The difference between the compound interest and the simple interest on a certain sum of money for 3 years at 10% per annum is Rs. 186. Assuming annual compounding for compound interest, what is the principal (sum of money)?

Introduction / Context:
This question involves comparing simple interest (SI) and compound interest (CI) over 3 years at the same rate. Over multiple years, CI grows faster than SI, and the difference between them depends on both the rate and the time. By using the known difference between CI and SI, we can work backward to find the principal sum invested.

Given Data / Assumptions:

Difference CI − SI over 3 years = Rs. 186
Rate of interest r = 10% per annum
Time t = 3 years
Interest is compounded annually for CI
Principal P is unknown and must be found

Concept / Approach:
For annual compounding at rate r, the amount after 3 years is:
A = P * (1 + r/100)^3. Thus:
CI = A − P = P * [(1 + r/100)^3 − 1]. Simple interest for 3 years is:
SI = P * r * t / 100 = P * 3r / 100. The difference is:
CI − SI = P * [(1 + r/100)^3 − 1 − 3r/100]. We substitute r = 10% and the known difference to solve for P.

Step-by-Step Solution:
Step 1: Compute (1 + r/100)^3 for r = 10. (1.10)^3 = 1.331. Step 2: Calculate the bracket term. (1.10)^3 − 1 − 3r/100 = 1.331 − 1 − 0.30 = 1.331 − 1.30 = 0.031. Step 3: Write the difference formula. CI − SI = P * 0.031. Given CI − SI = 186, we have 186 = 0.031P. Step 4: Solve for P. P = 186 / 0.031 = 6000.

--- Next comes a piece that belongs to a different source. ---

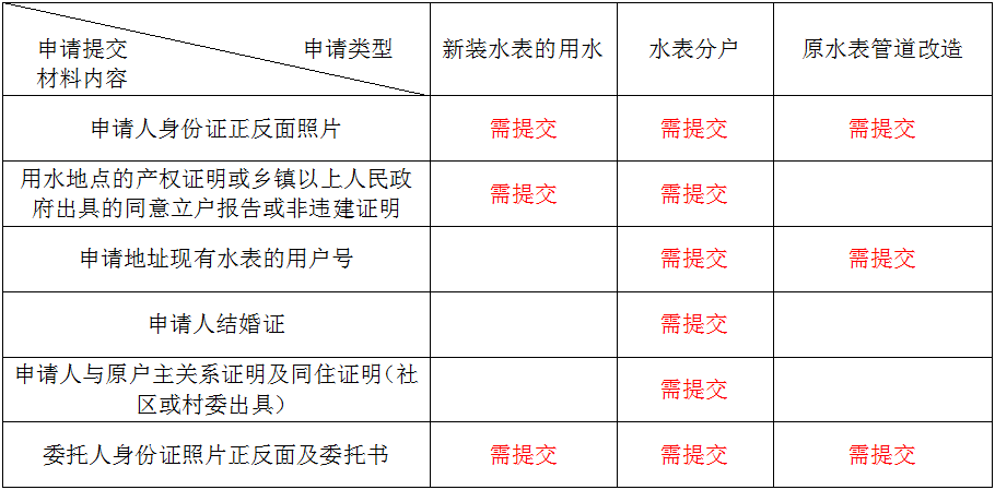 備注:按表格提示要求提交上傳材料,供水單位工作人員現(xiàn)場(chǎng)勘察時(shí),申請(qǐng)人應(yīng)提供與在網(wǎng)上申請(qǐng)?zhí)峤幌嘁恢碌牟牧线M(jìn)行備查。

Verification / Alternative check:
Compute SI and CI explicitly for P = Rs. 6000 at 10% for 3 years. SI = 6000 * 10 * 3 / 100 = 1800. Amount under CI: A = 6000 * 1.331 = 7986. CI = A − P = 7986 − 6000 = 1986. Difference CI − SI = 1986 − 1800 = 186, matching the given value and confirming that the principal is correct.

Why Other Options Are Wrong:
For P = 5500, the difference would be 5500 * 0.031 = 170.5. For 6500, it would be 6500 * 0.031 = 201.5. For 7200, it would be 7200 * 0.031 = 223.2. None of these match 186, so those principals cannot be correct.

Common Pitfalls:
Students often confuse the formulas for the 2-year and 3-year differences between CI and SI, applying the simpler 2-year shortcut P * r^2 / 100^2 incorrectly to a 3-year problem. Another common mistake is to miscalculate (1.10)^3 or the term 3r/100. Being careful with these computations is essential to arriving at the correct principal.

Final Answer:
The principal sum of money is Rs. 6000.